Are Hydrogen Wells a Real Thing?

Updated: Nov 27


A Prussian Blue field with H2 in khaki, indicating diatomic hydrogen

Somebody asked if hydrogen wells are a thing.  Yes, they are a real thing and have been known for some time. The reaction that produces the hydrogen has been known even longer.


4046. For Obtaining Hydrogen in Quantities

Place iron wire in a gun-barrel, or a porcelain tube, open at both ends, to one of which attach a retort containing water, and to the other a bent tube, connecting with a pneumatic trough. The gun-barrel must now be heated to redness, and the water in the retort brought into a state of brisk ebullition, when the vapor will be decomposed, the oxygen being absorbed by the iron, and the hydrogen escaping into the gas receiver. The gas evolved may be purified, if desired, by passing it through alcohol, &c.

—Dick’s Encyclopedia of Practical Receipts and Processes. New York: Dick & Fitzgerald, 1872


So where do you find iron? Underground. Where do you find water?  Underground. Where do you find searing heat? Underground. So there you have it. You can think of the gun-barrel as all the stupid worthless rocks layered on top of the good and useful iron-bearing rocks, the iron wire as the iron-bearing ( Fe[II]) rocks, the water in the retort as water seeping down from the surface, and good old mother earth as the heat source. Result, hydrogen and further oxidized rocks.  (Another path to hydrogen production is radiolysis of water by natural radioactivity, but that is a lesser source.)


Petroleum seeps have been known since ancient times, mainly as a source of pitch. Hydrogen seeps have been known since ancient times, too, as at Mount Chimaera in Turkey, which “breathes out fire on summer nights,” as Isidore of Seville said. Not that people knew the exhalation was hydrogen, of course. But we know.


So why has the abundance of natural hydrogen been doubted, and what exists so little known?  Mainly because the petroleum industry doesn’t drill deep wells in strata where native hydrogen is generated.  So it’s a classic example of thinking something doesn’t exist because you’ve been looking in the wrong places. Like when you leave your cell phone in your girlfriend’s shoe.
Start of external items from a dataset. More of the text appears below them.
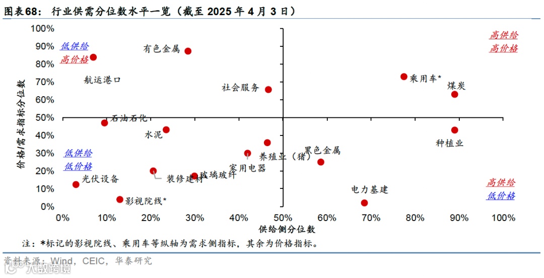 光伏设备、装修建材、玻璃玻纤、黑色金属、电力基建和水泥等行业所在分位数水平处于低供给、低需求区间,体现上述行业供需两侧均有所承压。通信产品、锂电池和光伏设备的价格水平仍在低位。
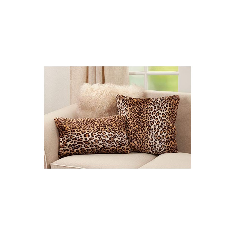 SARO LIFESTYLE Guépard Collection Cheetah Print Faux Fur Throw Pillow with Poly Filling, 18", Brown
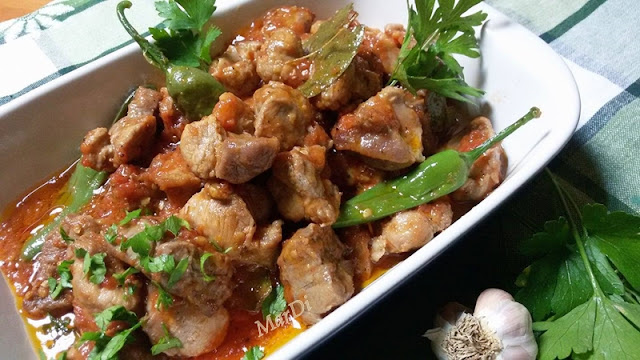 В него са просто едни свински мръвчици с чеснов доматен сосец. Приготвих го, хареса ми и пак ще го направя, защото обожавам всичко, в което има чесън.
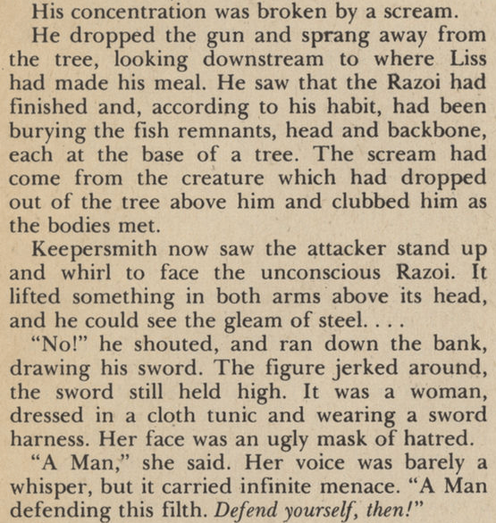 Rald agrees that an evil, murderous wizard can never be a man, but hilariously he has misunderstood Thrine. For, in fact…
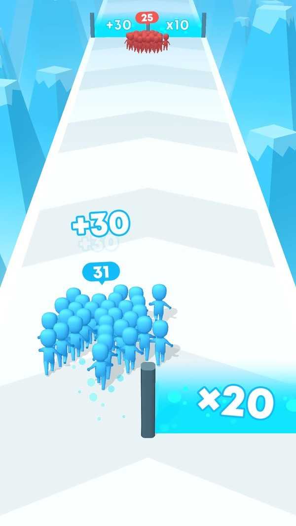拥挤大师游戏中玩家们将会进行不断的冒险,还有很多的趣味玩法,玩家们将会在每一个关卡中,进行操作着一群兵团一样的火柴人进行着前进闯关,游戏中还能进行不断的扩大我们的数量,遇到最后的终点的时候,玩家们还会遇到另外的一个军团,玩家们这时候就需要进行拥挤的pk了,游戏的玩法还算是非常的休闲的。
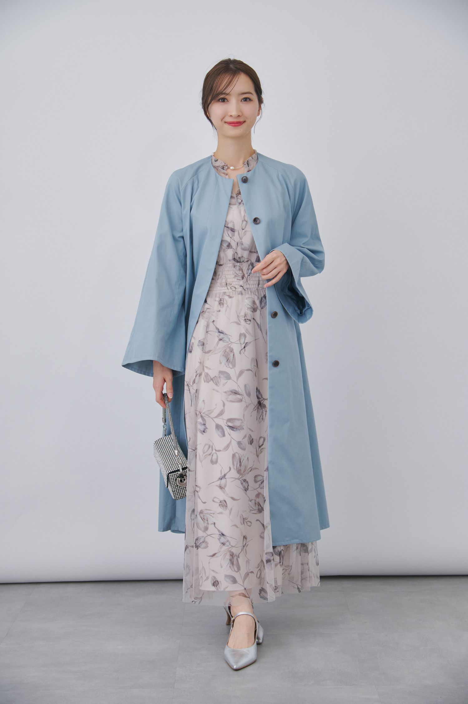 アローブ(Arobe)の別注コートは、裾に向かって軽やかに広がるフレアシルエットと、たっぷりとした生地が生む豊かなギャザーが、結婚式にふさわしい華やかなムードを演出する1着。カラーはパステルブルーを選び、春の陽気に寄り添う軽やかな印象に。ワンピースは、コートのやさしい色味と相性の良い、繊細なタッチの花柄ドレスをセレクト。パステルブルー×パステルピンクのやさしいコントラストが、お祝いの場に上品な華を添えます。
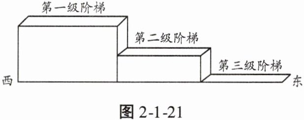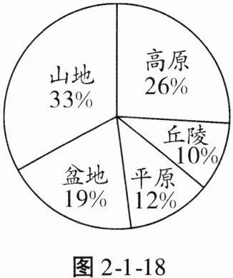 图 2 - 1 - 17 为中国地势三级阶梯分布示意图,图 2 - 1 - 18 为中国陆地地形类型构成图。读图,完成 4、5 题。
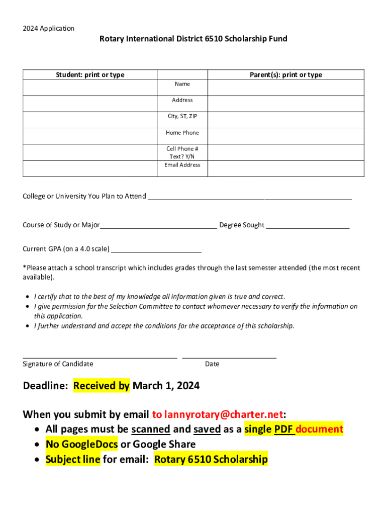 How to fill out rotary district 6510 scholarship
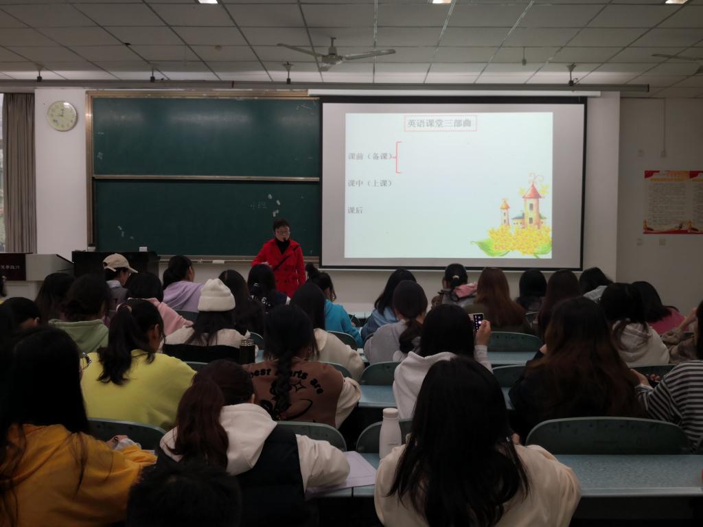 本网讯(文/图 王柯芦)11月22日上午,外国语学院“实践能力提升”第三场专题讲座顺利举办。本次主讲嘉宾是乐山七中英语骨干教师唐志群老师。唐老师以“英语课堂三部曲”为题为英语专业2021级全体学生展开了一场生动的课堂演绎。
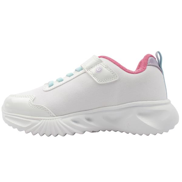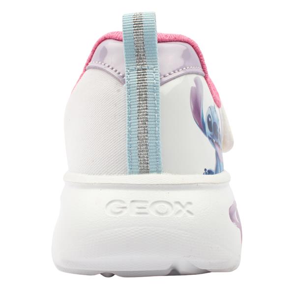Bring light up fun and comfort together with adorable light up girls runners from Geox shoes. Crafted in a white upper with Disneys Stitch graphic and Graffiti text on the side. The flashing lights in the sole can be turned on/off by a switch on the strap of the shoe. The Velcro strap & elastic lace ensure a secure fit on the foot. Equipped with Geox Respira technology, these shoes feature a breathable membrane that promotes natural temperature regulation, keeping feet dry and comfortable.
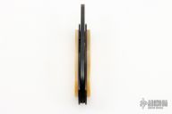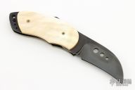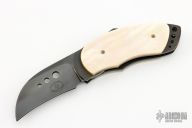 This Baby Bear Claw Linerlock by Loyd McConnell features a black blade with a friction folder style opening. The handle has gold lip pearl scales, black titanium liners and a darkened steel backspacer. Nice detent, lockup and blade seating. Excellent condition. Comes with a brown leather belt sheath.
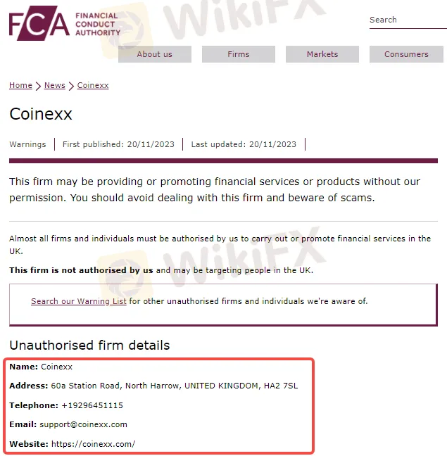 11月20日,英国金融行为监管局(FCA)发布了一则投资者警示公告,公告内容称一家名为Coinexx的公司可能在未获FCA授权的情况下,向投资者非法提供金融服务或产品。
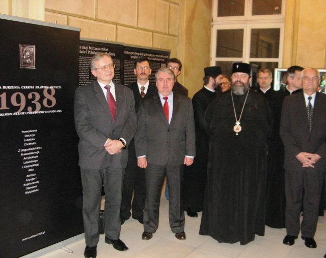 Ostatnim akcentem tegorocznych obchodów 70. rocznicy akcji burzenia cerkwi na Chełmszczyźnie i Południowym Podlasiu była dyskusja panelowa i otwarcie w Lublinie wystawy poświęconej tym tragicznym wydarzeniom. 17 grudnia uczestników dyskusji oraz wystawę gościły mury Wydziału Politologii Uniwersytetu Marii Curie-Skłodowskiej w Lublinie. Zebranych powitał gospodarz – dziekan Wydziału Politologii UMCS prof. Grzegorz Janusz. Uroczystego otwarcia wystawy „1938. Akcja burzenia cerkwi na Chełmszczyźnie i Południowym Podlasiu”, autorstwa dr Grzegorza Kuprianowicza i Sławomira Wyspiańskiego, dokonali: prawosławny arcybiskup lubelski i chełmski Abel oraz prorektor UMCS prof. Ryszard Szczygieł. Otwarcie wystawy uświetnił koncert kwartetu męskiego zespołu wokalnego pod kierownictwem Andrzeja Boubleja, działającego przy lubelskiej katedrze prawosławnej. Arcybiskup Abel w krótkim słowie wstępnym stwierdził, że ten piękny śpiew cerkiewny w 1938 r. przestał rozbrzmiewać w 127 świątyniach zniszczonych z polecenia władz II RP. Następnie w auli im. I. Daszyńskiego Wydziału Politologii UMCS odbyła się dyskusja panelowa pt. „70. rocznica akcji burzenia cerkwi na Chełmszczyźnie i Południowym Podlasiu w 1938 r. – spojrzenie na przeszłość i współczesność”, w której wzięli udział znawcy tematu, historycy: prof. Jerzy Tomaszewski z Uniwersytetu Warszawskiego, prof. Tadeusz Radzik – kierownik Zakładu Historii Najnowszej UMCS, dr Grzegorz Kuprianowicz – pracownik UMCS i autor książki poświęconej tym wydarzeniom, a także znawca praw mniejszości narodowych – prof. Grzegorz Janusz oraz Paweł Smoleński – publicysta „Gazety Wyborczej”. W roli moderatora wystąpił prof. Zbigniew Hołda – znany polski karnista i członek zarządu Helsińskiej Fundacji Praw Człowieka. Wszyscy uczestnicy panelu zgodni byli co do tego, że akcja burzenia cerkwi na Chełmszczyźnie i Południowym Podlasiu była haniebnym działaniem władz państwa polskiego zmierzającym do narodowej i wyznaniowej asymilacji ukraińskiej ludności prawosławnej. Jerzy Tomaszewski zaznaczył, że świadomość tych tragicznych wydarzeń w społeczeństwie polskim jest znikoma, co nie pozwala zrozumieć wspólnej polsko-ukraińskiej historii w czasie drugiej wojny światowej oraz w okresie powojennym. Grzegorz Kuprianowicz stwierdził, że słaba wiedza w społeczeństwie polskim o burzeniu cerkwi uniemożliwia zrozumienie przez polską większość ukraińskiej społeczności prawosławnej. Paweł Smoleński krytycznie odniósł się do negatywnych lub niejednoznacznych postaw zdecydowanej większości polskich posłów wobec pomysłu przyjęcia przez Sejm uchwały potępiającej niszczenie cerkwi prawosławnych w państwie polskim. Dyskusja zakończyła się pytaniami ze strony licznie zebranych w auli słuchaczy. Wystawę oraz dyskusję poświęconą 70. rocznicy akcji burzenia cerkwi na Chełmszczyźnie i Południowym Podlasiu w Lublinie objęła patronatem medialnym „Gazeta Wyborcza”, którą reprezentowała w tym dniu redaktor naczelna lubelskiej „GW” Małgorzata Bielecka-Hołda. Organizatorami dyskusji i wystawy w Lublinie były: Prawosławna Diecezja Lubelsko-Chełmska, Wydział Politologii Uniwersytetu Marii Curie-Skłodowskiej w Lublinie oraz Towarzystwo Ukraińskie w Lublinie. Wystawa eksponowana będzie na Wydziale Politologii UMCS do 25 stycznia 2009 r.

What are the right places? Precambrian continental shield rocks, mainly. Mid-oceanic ridges.  Places where nobody but a lunatic would or could drill for oil.

Anyway, my secret process accelerates hydrogen production by impeding the buffering effect of hematite and magnetite and accelerating the reaction by other means.  This is the stuff Jing wants to know about. But I’m not talking.